Credit: Kai Teoh

Today, we highlight a complex issue in the news, provide multiple perspectives and present our view on the controversy. Our hope is to start a conversation that better informs all of us, and we invite you to share your insights. Email with the subject line “vaccine” or tweet to @NewsdayOpinion.

Many shots are going into arms across Long Island, but some neighborhoods are rolling up their sleeves more than others.

Islandwide, more than 1.2 million residents — or 52.4% of the eligible population — have received at least one shot of the COVID-19 vaccine.

But our analysis and map of ZIP code data from Nassau and Suffolk counties show enormous disparities in the percentage of eligible residents who've received at least one dose. Some communities have percentages above 70%, already approaching herd immunity, when enough people are vaccinated that the virus can no longer easily spread. Other places remain stuck around 30%, meaning they still face considerable risk of spread.

So the challenge shifts. Instead of bringing people eager for a shot to mass vaccination sites, we must start bringing the shots to people where they live, particularly in places with lower vaccination rates.


Optimism and concern

Day after day, Long Island is seeing normalcy return. Some of our favorite spots that stayed closed through last spring and summer are open or preparing to open. Just Friday, Gov. Andrew M. Cuomo announced that indoor dining, barber shops and other salons will expand to 75% capacity as of May 7.

The only reason that's possible is because more of us are getting the vaccine.
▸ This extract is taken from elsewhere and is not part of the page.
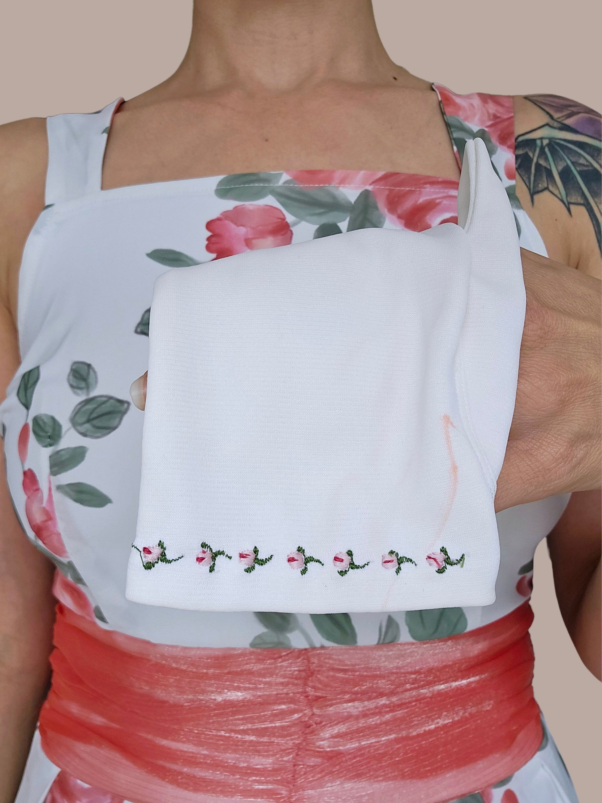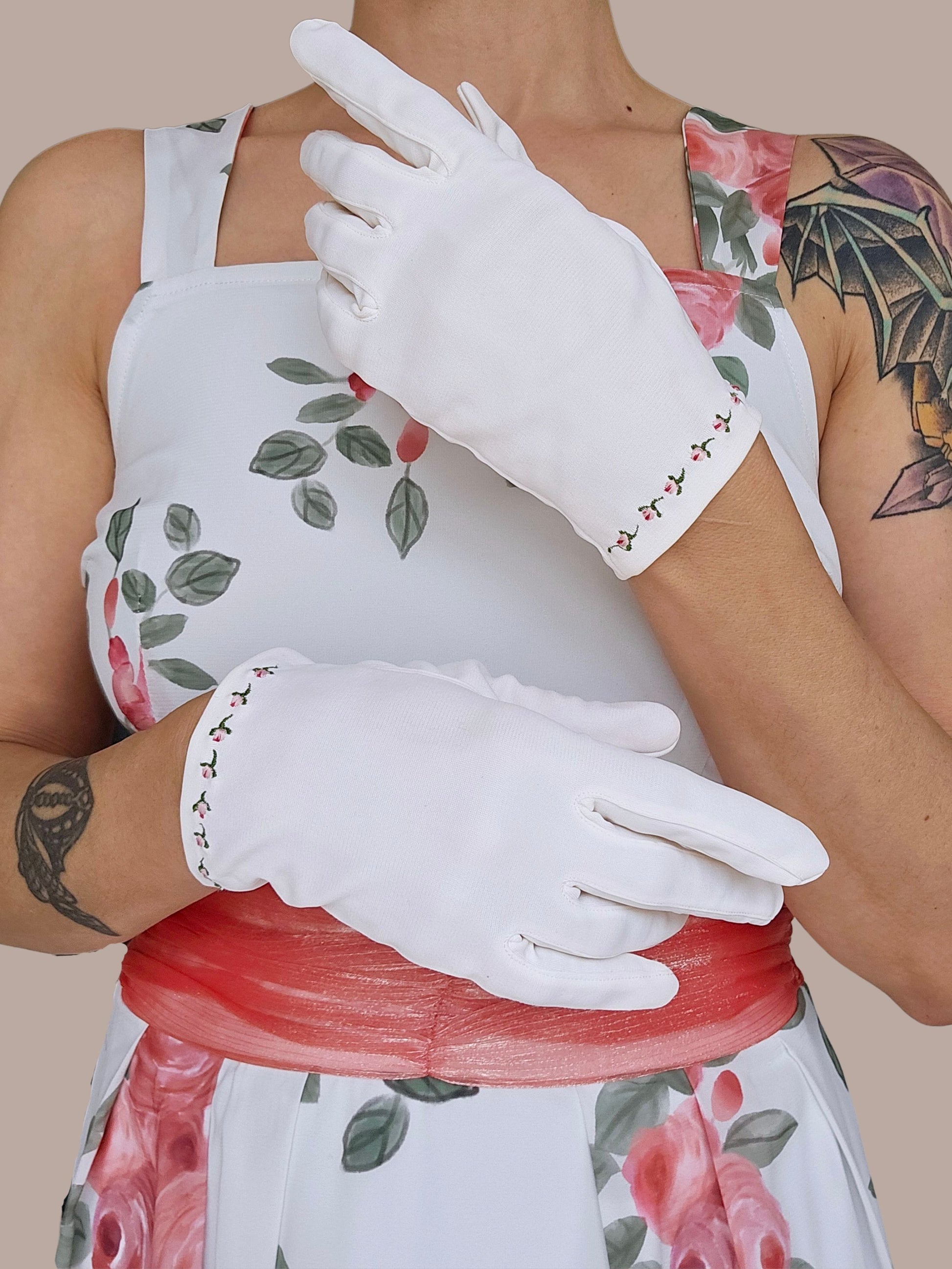 - Delicate embroidered floral wrist trim

But we're not there yet. The pace of vaccination has slowed, and many who remain unvaccinated still have concerns, are indifferent, or have difficulty accessing a location. Long Island's high numbers, which at first glance seem to show real progress, are, in some ways, masking the region's trouble spots.


Range of rates

Comparing the number of vaccinated people in each ZIP code to the number of residents eligible for the vaccine shows clearly how far we've come — and how far we have to go.
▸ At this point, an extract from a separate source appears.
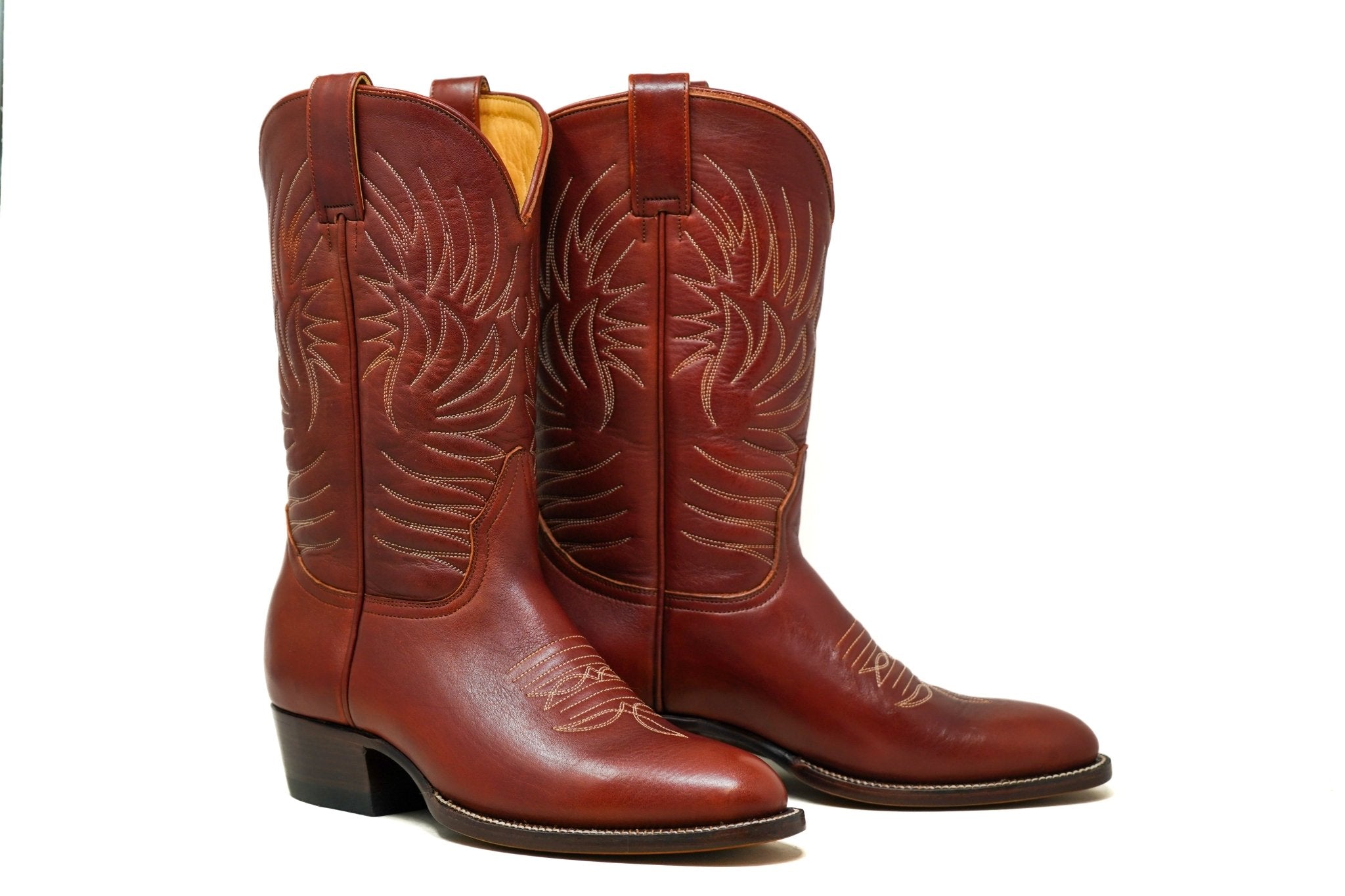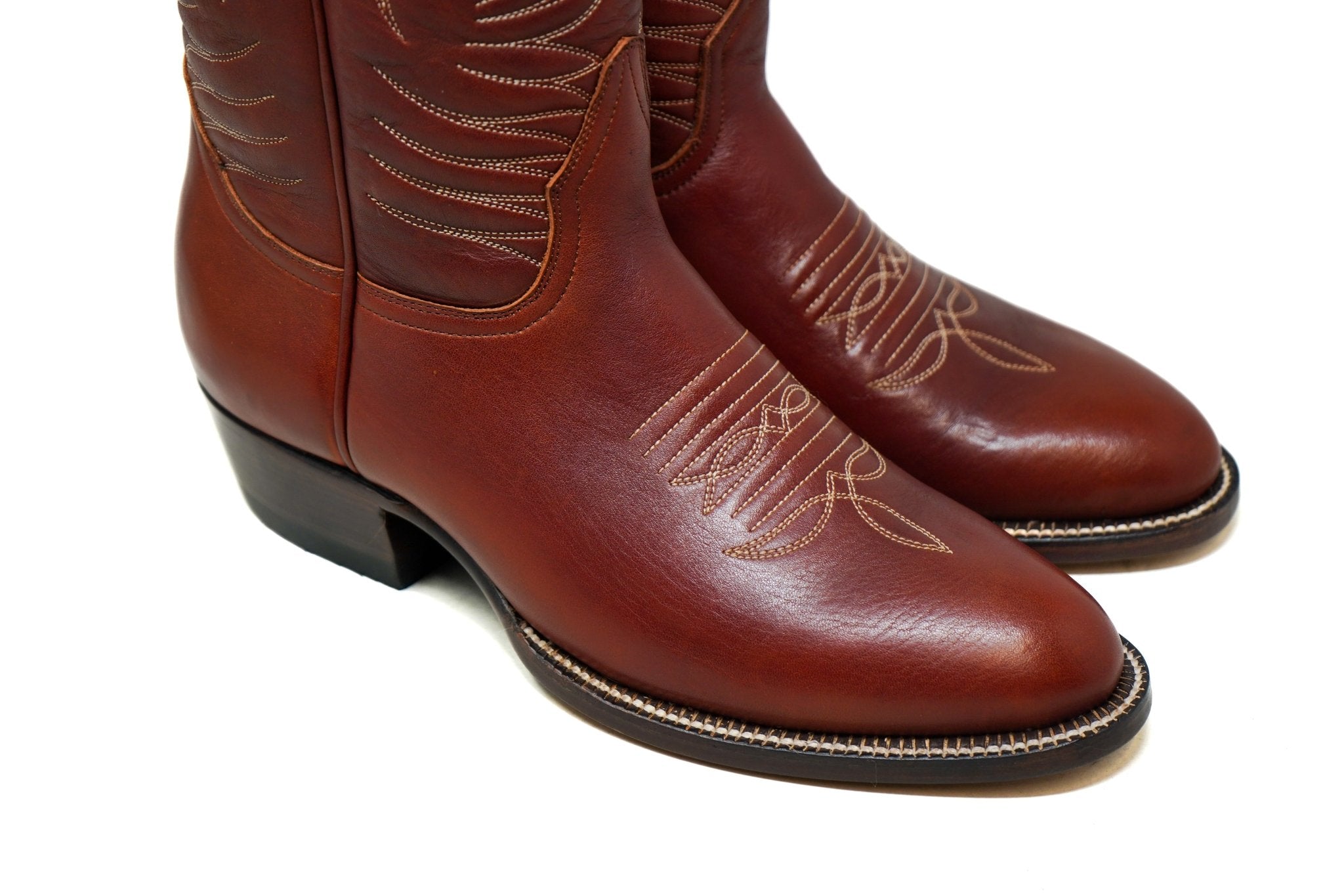 Made from rich Shedron leather, they feature handmade decorative stitching along the shaft, a clean, classic silhouette, and a stacked leather cowboy heel that balances durability with timeless style.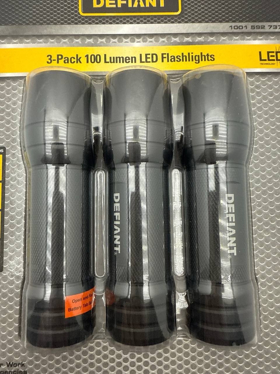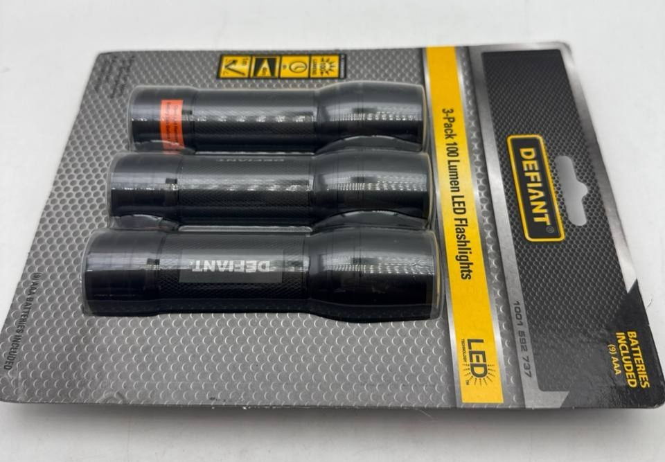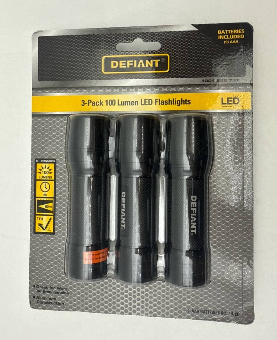 Item includes: Please note: This item includes 1x Defiant 100 Lumen LED Flashlight (3-Pack), 9x Batteries Only ? As Pictured. No other accessories are included.

There are a dozen or so communities out East where the vaccine data actually surpass Census-provided eligible population totals, probably because people moved to those areas during the pandemic. Then there are concentrations of highly vaccinated areas in western Nassau and the North Shore. In neighborhoods from Roslyn and Plainview to Woodbury and Atlantic Beach, the percentage of eligible residents with at least one shot exceeds 75%. That bodes well for everyone in those communities — from residents to those who work there.

But in other parts of Nassau and farther east, rates drop significantly. In Mastic, Mastic Beach, Shirley, and Copiague, among others, the vaccination rate still hovers around 30%. Our analysis also shows the pace of getting shots has slowed in recent weeks. Whether that's due to lingering concerns among those skeptical of government research, or those who believe vaccine refusal is a stance for individual liberty, or other factors, we've got to move that needle.
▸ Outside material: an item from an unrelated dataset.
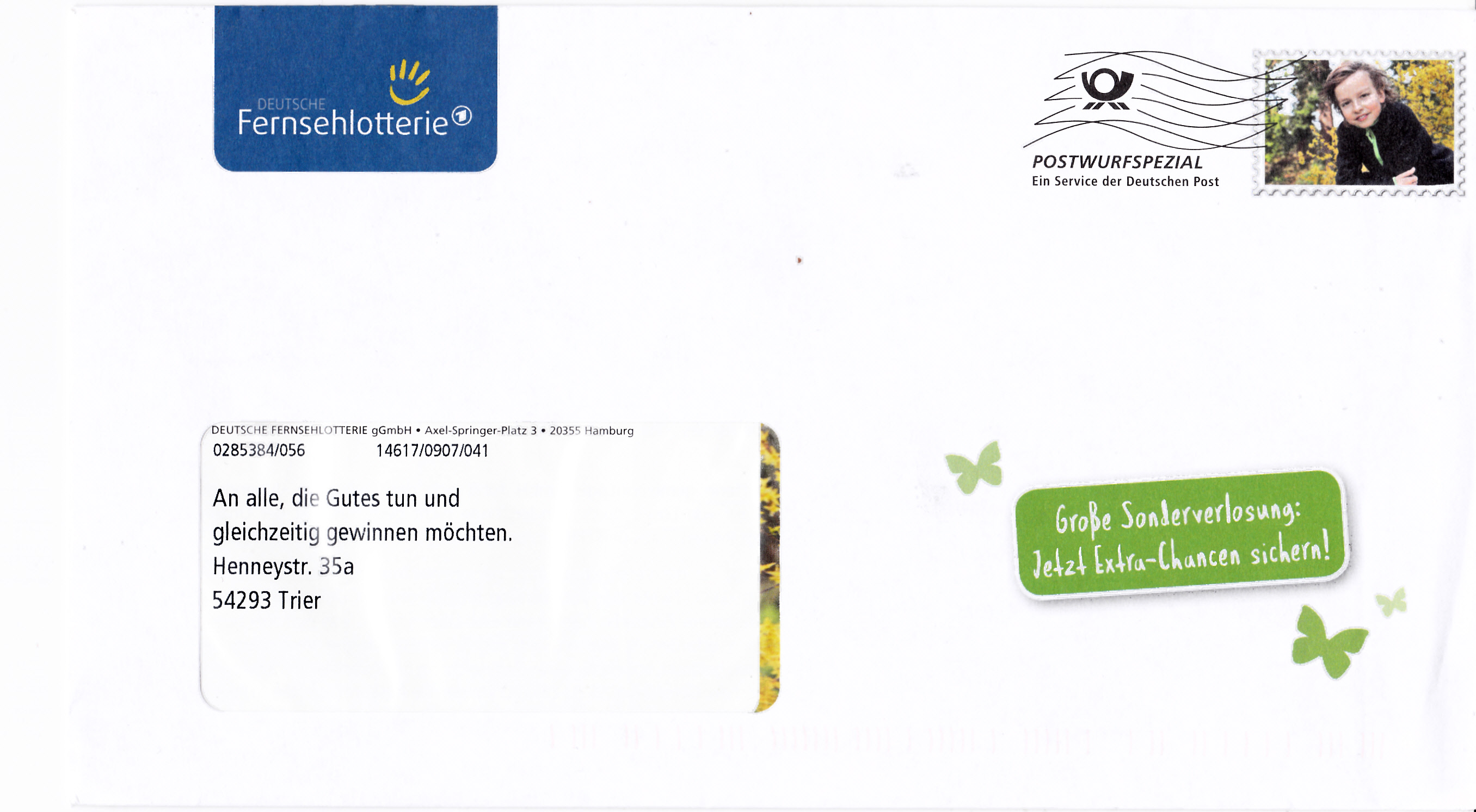 Die Postwurfsendung ist eine Versandform der Deutschen Post. Nicht adressierte Werbesendungen, wie Flyer, werden von Briefträgern der Deutschen Post verteilt. Bei der Postwurfspezial sind die Werbesendungen aber teilfrankiert z.B. "An alle Bewohner,.." oder ähnliches.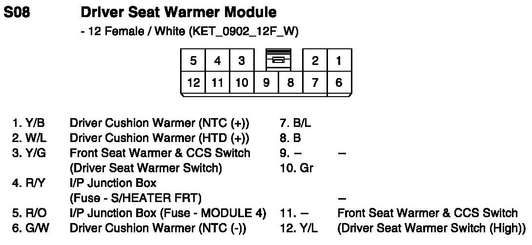 S08 Driver Seat Warmer Module:

Credit: Getty Images/iStockphoto/Fernando Rodriguez Novoa


Local shots

So, the harder work must begin. Community leaders, business owners and elected officials must determine where mobile vans and pop-up sites would reach the most people. They can combine convenience with education, so questions can be answered.

It's time to go to the malls, hair salons, or grocery stores with shots in tow. Perhaps restaurants or entertainment venues could offer promotions to those who get the shot. Suffolk is starting to vaccinate teenagers at their high schools, a smart move as our younger residents might be among our best ambassadors.

A man gets a vaccine outside the "Vaxmobile" in Uniondale.

A man gets a vaccine outside the "Vaxmobile" in Uniondale. Credit: Newsday/Alejandra Villa Loarca


Shooting for summer

The initial excitement over being eligible for a shot and finding an appointment has waned. But the importance of that has not. A new energy must take hold, especially in communities where rates are lower. If we apply the same effort to getting neighbors vaccinated as we do to cheering local sports or supporting our schools, then spots that hit 30% vaccinated could soon become 70%. At that rate, before the summer officially arrives, all of Long Island could be near herd immunity and all the benefits that will bring.